Revitalizing maize growth and yield in water-limited environments through silicon and zinc foliar applications.

ABSTRACT

Maize is an economically vital cereal crop. However, water deficiency can severely impact its productivity. Thus, it is necessary to implement an essential approach to increase maize yield while navigating the limitations imposed by scarce water supplies. The present study aimed to investigate whether foliar applications of silicon (Si) and zinc (Zn) could mitigate the adverse effects of water deficiency and improve maize growth and yield. Field experiments were conducted in Egypt during two growing seasons (2021-2022) under three irrigation regimes full irrigation (ET0), moderate stress (ET1), and severe stress (ET2). The treatments comprised foliar sprays of Si, Zn, Si + Zn, and water control. Phenological, growth, physiological, chemical, and yield-related traits were assessed. Results showed that adequate irrigation (ET0) enhanced most parameters compared to water stress treatments.

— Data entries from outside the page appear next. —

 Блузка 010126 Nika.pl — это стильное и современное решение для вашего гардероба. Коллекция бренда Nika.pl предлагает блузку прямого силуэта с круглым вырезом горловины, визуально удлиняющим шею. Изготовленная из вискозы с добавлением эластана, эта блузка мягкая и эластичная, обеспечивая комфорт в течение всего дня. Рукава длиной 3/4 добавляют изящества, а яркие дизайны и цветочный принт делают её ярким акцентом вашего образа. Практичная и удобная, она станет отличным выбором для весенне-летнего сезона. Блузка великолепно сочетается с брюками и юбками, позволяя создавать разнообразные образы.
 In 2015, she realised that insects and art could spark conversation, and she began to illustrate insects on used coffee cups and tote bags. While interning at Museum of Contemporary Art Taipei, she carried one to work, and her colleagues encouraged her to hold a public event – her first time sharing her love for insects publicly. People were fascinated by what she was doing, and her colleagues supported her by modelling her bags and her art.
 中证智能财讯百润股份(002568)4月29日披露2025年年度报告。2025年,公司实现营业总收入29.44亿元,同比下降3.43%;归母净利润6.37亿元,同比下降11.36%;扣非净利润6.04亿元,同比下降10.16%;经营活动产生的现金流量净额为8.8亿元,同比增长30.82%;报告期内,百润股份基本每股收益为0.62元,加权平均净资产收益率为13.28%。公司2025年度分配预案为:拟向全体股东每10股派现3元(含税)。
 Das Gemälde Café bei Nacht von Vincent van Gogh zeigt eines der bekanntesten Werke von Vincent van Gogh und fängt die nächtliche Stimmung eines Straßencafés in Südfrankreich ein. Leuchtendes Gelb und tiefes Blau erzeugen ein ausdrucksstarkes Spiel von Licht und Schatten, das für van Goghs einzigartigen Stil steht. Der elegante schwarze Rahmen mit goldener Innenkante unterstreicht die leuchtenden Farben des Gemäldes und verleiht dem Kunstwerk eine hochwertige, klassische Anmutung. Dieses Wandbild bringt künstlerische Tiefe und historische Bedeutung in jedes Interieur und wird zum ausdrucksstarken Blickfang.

Under ET0, the combined silicon and zinc treatment resulted in the highest values for plant height, leaf area, chlorophyll content, grains per ear, kernel weight, ear size, and yield compared to other foliar treatments. Under drought stress (ET1, ET2), Si + Zn applications maintained superiority in mitigating yield losses. Proline accumulation was highest under severe stress (ET2) in the absence of foliar sprays, indicating greater drought impacts. Correlation analysis revealed positive associations of grain yield with ear size, leaf area, kernel weight, and biological yield. Cluster analysis separated irrigation regimes and visualized the consistently beneficial effects of Si + Zn across all water levels. Overall, the results demonstrate the synergistic potential of Si and Zn supplementation to sustain maize performance and yields under varying water availability.